About this task
Take the line containing "Schlichtes T-Shirt mit" and every line below it through the end of the entries, and output them verbatim, pictures excluded.
####################
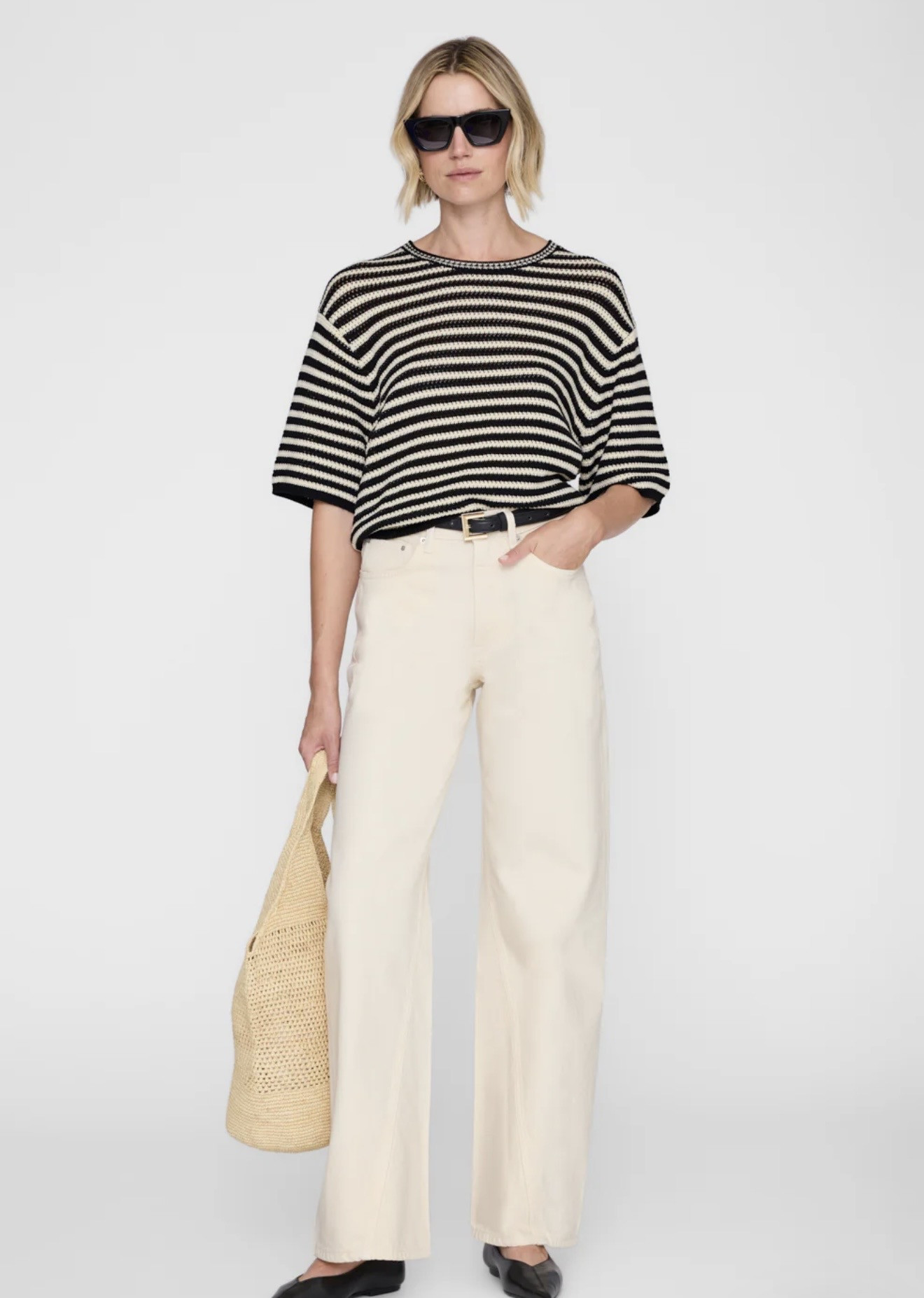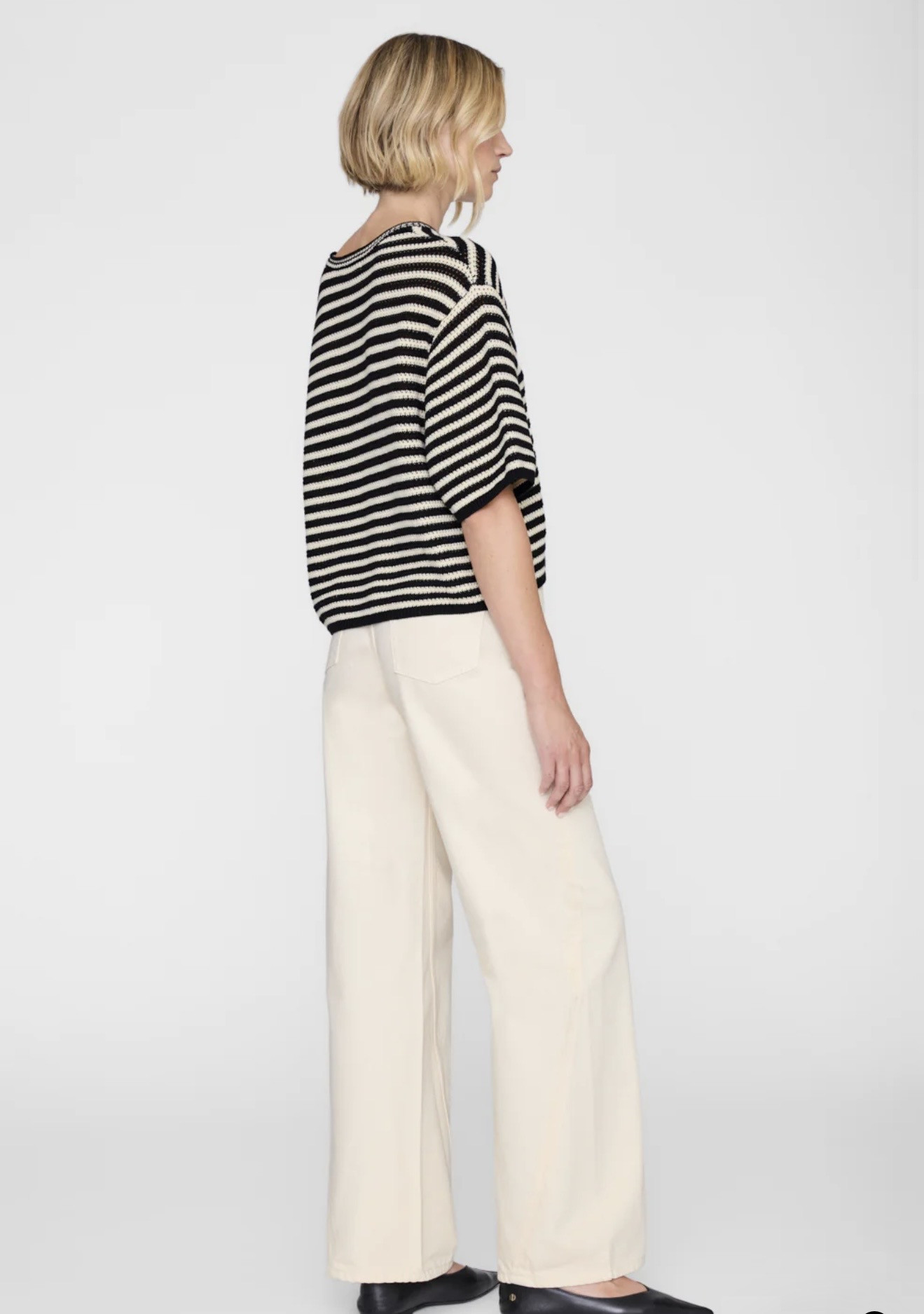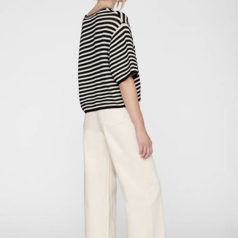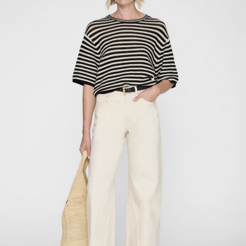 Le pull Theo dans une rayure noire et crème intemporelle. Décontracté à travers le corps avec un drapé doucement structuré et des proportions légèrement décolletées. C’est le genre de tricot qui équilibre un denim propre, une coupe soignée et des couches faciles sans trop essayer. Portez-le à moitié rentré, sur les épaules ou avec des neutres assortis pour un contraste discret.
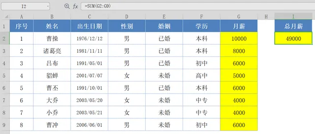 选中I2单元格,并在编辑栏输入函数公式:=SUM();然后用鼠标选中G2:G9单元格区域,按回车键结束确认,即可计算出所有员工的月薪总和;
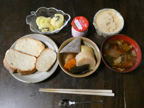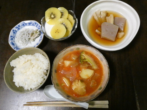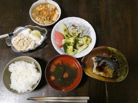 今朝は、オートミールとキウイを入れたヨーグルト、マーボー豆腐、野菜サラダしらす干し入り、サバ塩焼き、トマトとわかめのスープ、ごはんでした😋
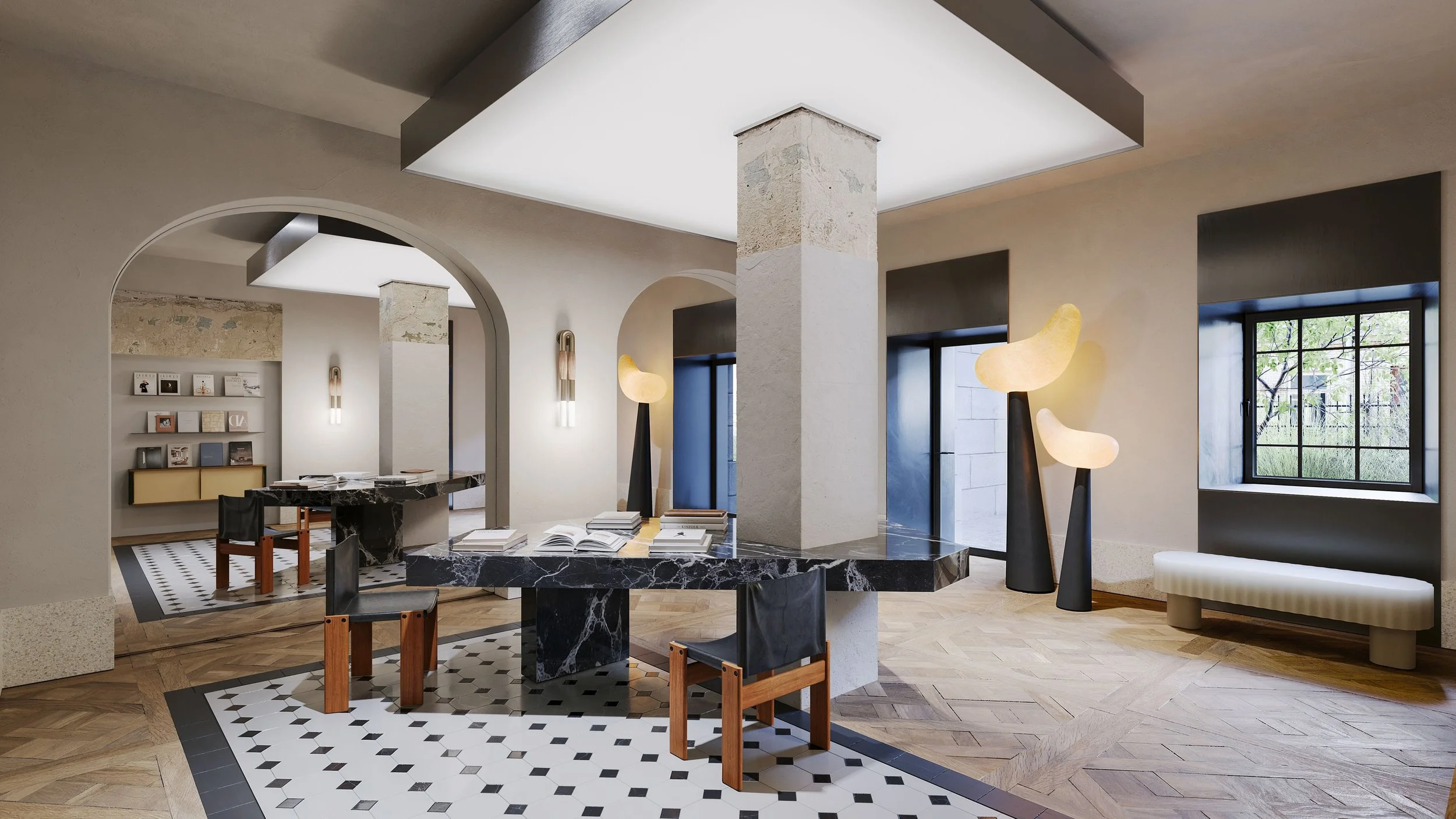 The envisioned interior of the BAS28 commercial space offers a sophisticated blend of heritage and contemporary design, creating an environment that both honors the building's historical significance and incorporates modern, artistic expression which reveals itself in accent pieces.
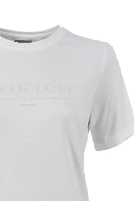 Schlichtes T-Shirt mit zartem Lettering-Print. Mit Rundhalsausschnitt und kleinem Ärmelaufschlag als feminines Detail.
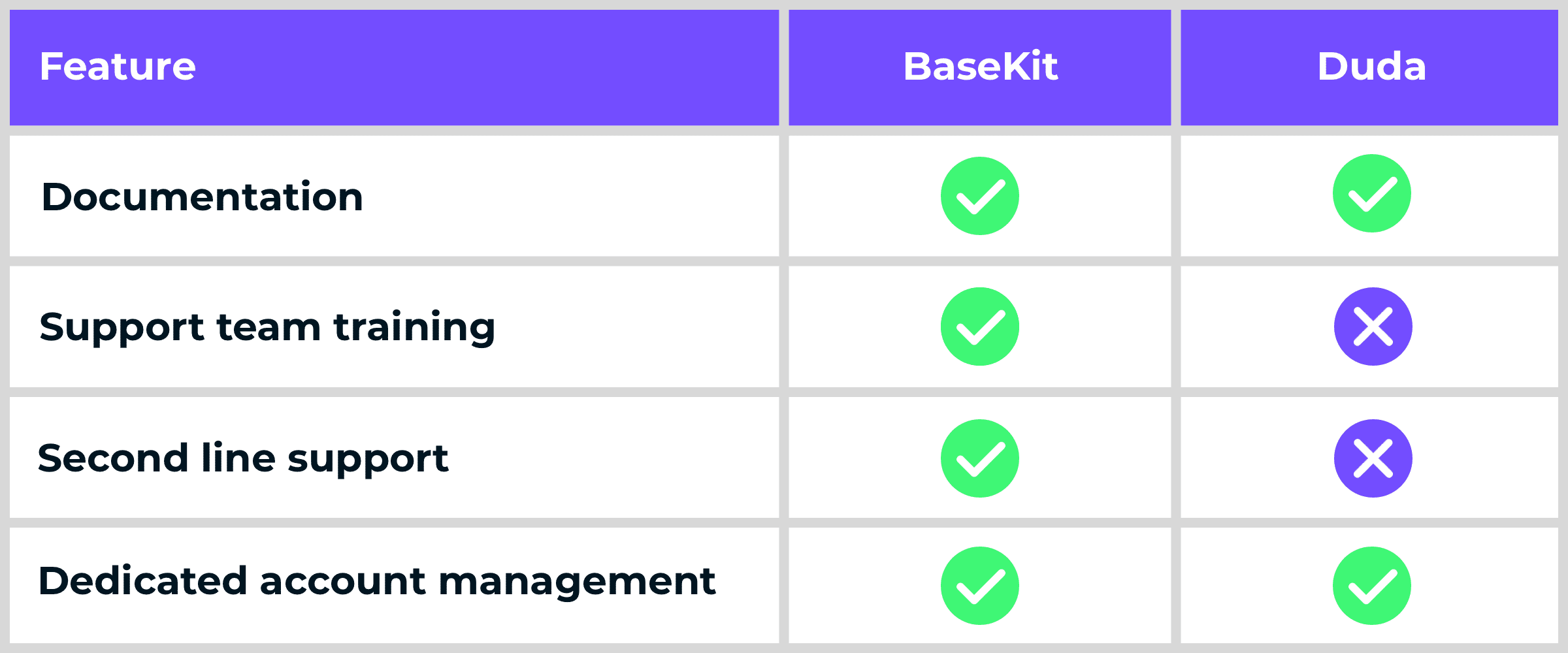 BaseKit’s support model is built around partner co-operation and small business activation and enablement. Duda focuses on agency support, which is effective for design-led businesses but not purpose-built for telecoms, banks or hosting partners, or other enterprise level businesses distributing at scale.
####################
Problem solution
 Schlichtes T-Shirt mit zartem Lettering-Print. Mit Rundhalsausschnitt und kleinem Ärmelaufschlag als feminines Detail.
 BaseKit’s support model is built around partner co-operation and small business activation and enablement. Duda focuses on agency support, which is effective for design-led businesses but not purpose-built for telecoms, banks or hosting partners, or other enterprise level businesses distributing at scale.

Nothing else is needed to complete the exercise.